Puis nous avons créé avec les services de remplacement, la chambre d’agriculture et le lycée agricole de Coutances une formation, devenue la première pépinière en charge de recruter de futurs éleveurs laitiers. Il y a d’autres choses à imaginer. En tant que transformateurs, nous n’avons pas toutes les solutions, mais on peut aider.
Christophe Audouin, directeur général, Les Prés rient bio.
(1) : Tout type d’accidents et de maladies du travail indemnisés par la MSA, moyenne par an sur la période 2015-2019, dont 16 400 avec arrêt ; 54 200 pour les salariés, dont 41 250 avec arrêt (source CCMSA).
50 ans de conquêtes sociales
► Années 60 : des agriculteurs se regroupent afin d’embaucher un agriculteur volant pour les remplacer sur leurs fermes.
► 1972 : le 29 septembre, lors de la conférence annuelle avec les dirigeants agricoles, le gouvernement annonce le déploiement des services de remplacement sur tout le territoire – création de la fédération nationale et décision pour que le président soit toujours choisi au sein du syndicat des Jeunes agriculteurs (JA).
► 1977 : les agricultrices obtiennent 14 jours de congé maternité financés par une allocation de remplacement.
► 1995 : le ministère de l’Agriculture dote les services de remplacement du cadre juridique de groupement d’employeurs pour le remplacement des chefs d’exploitation.

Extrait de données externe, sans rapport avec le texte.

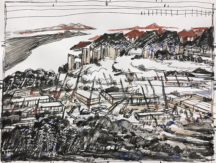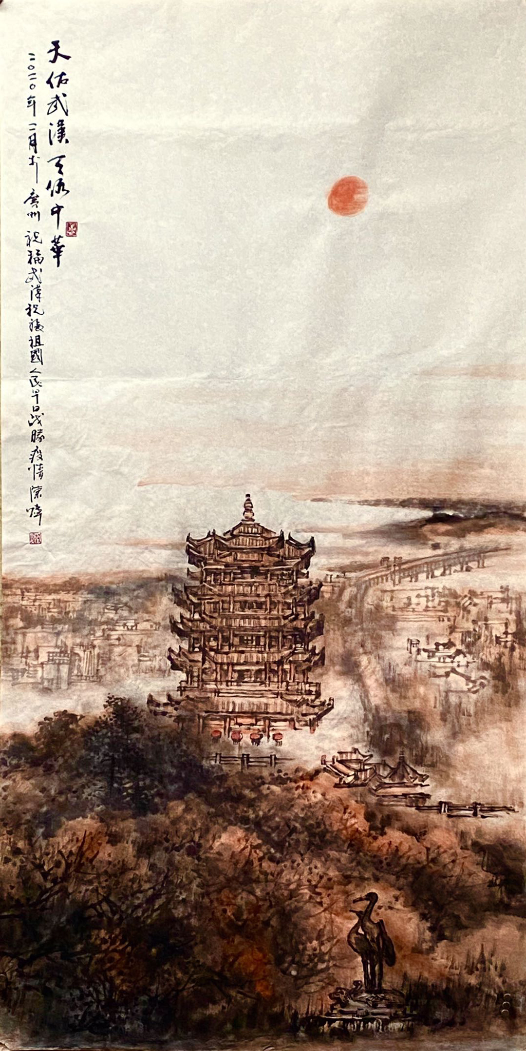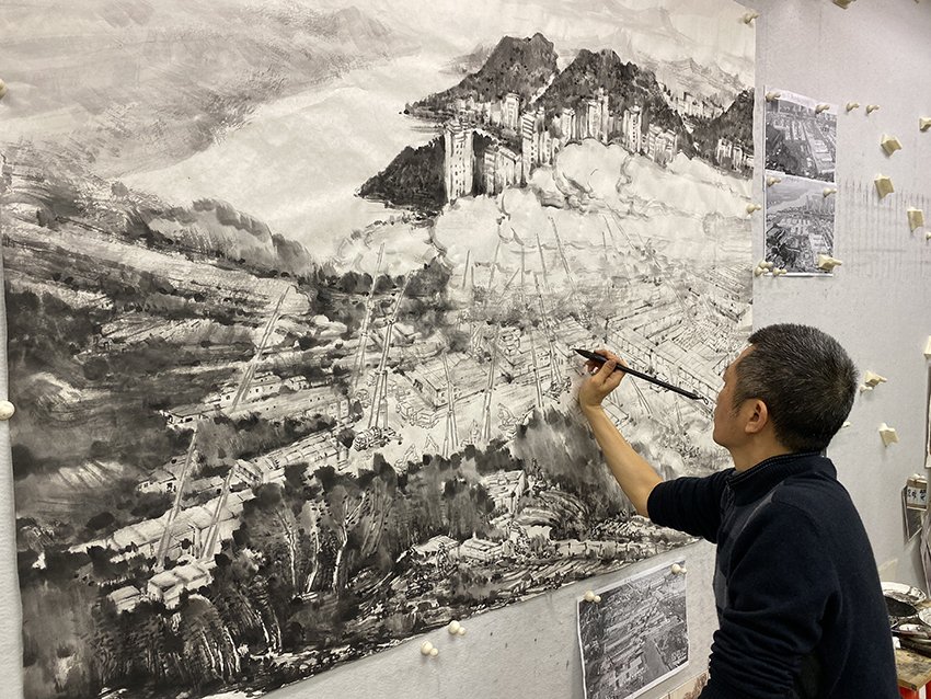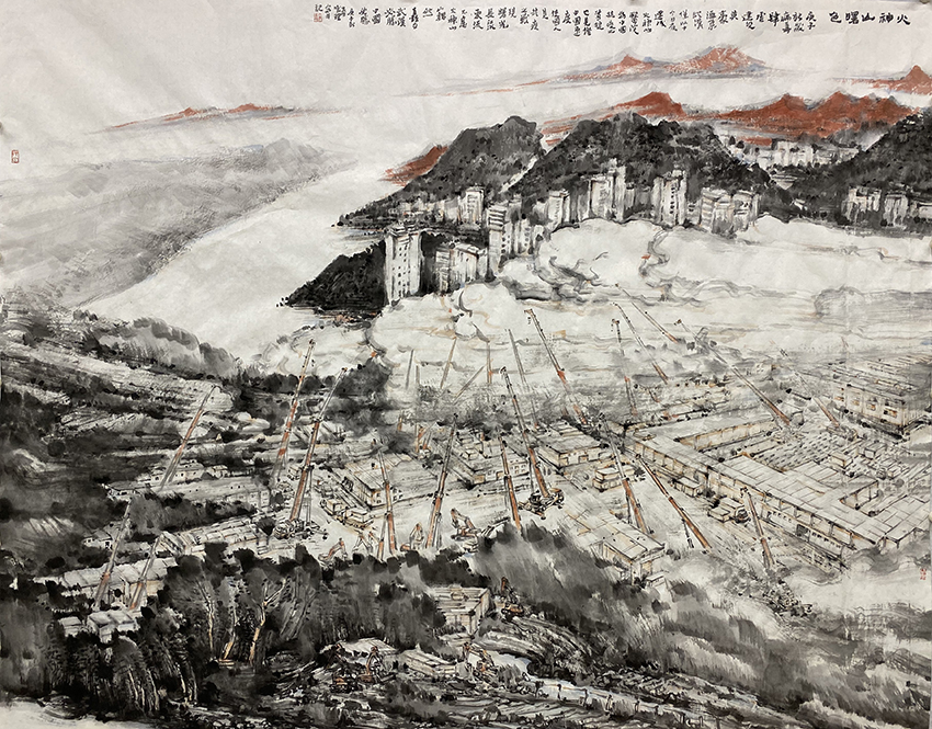 10个不眠的日子,1000余个床位,34000平方米的建筑面积,在亿万民众翘首以盼下,7000余名建设者日夜不息奋战,武汉火神山医院建成告㨗!这是民族精神与中国速度的体现。火神山医院的落成让我感到:比病毒蔓越更快的是坚强、大爱和希望。我终于确定了题材-以都市山水的方式表现火神山医院建设的壮举。

► 2001 et 2002 : le congé maternité est allongé à 16 semaines puis les agriculteurs obtiennent un congé paternité de 11 jours financé par une allocation de remplacement.
► 2005 : les partenaires sociaux créent le certificat de qualification professionnelle agent de remplacement.
► 2021 : le congé paternité des agriculteurs est allongé à 25 jours, et la première convention collective du secteur est mise en place, instaurant une grille de salaire pour tous les salariés.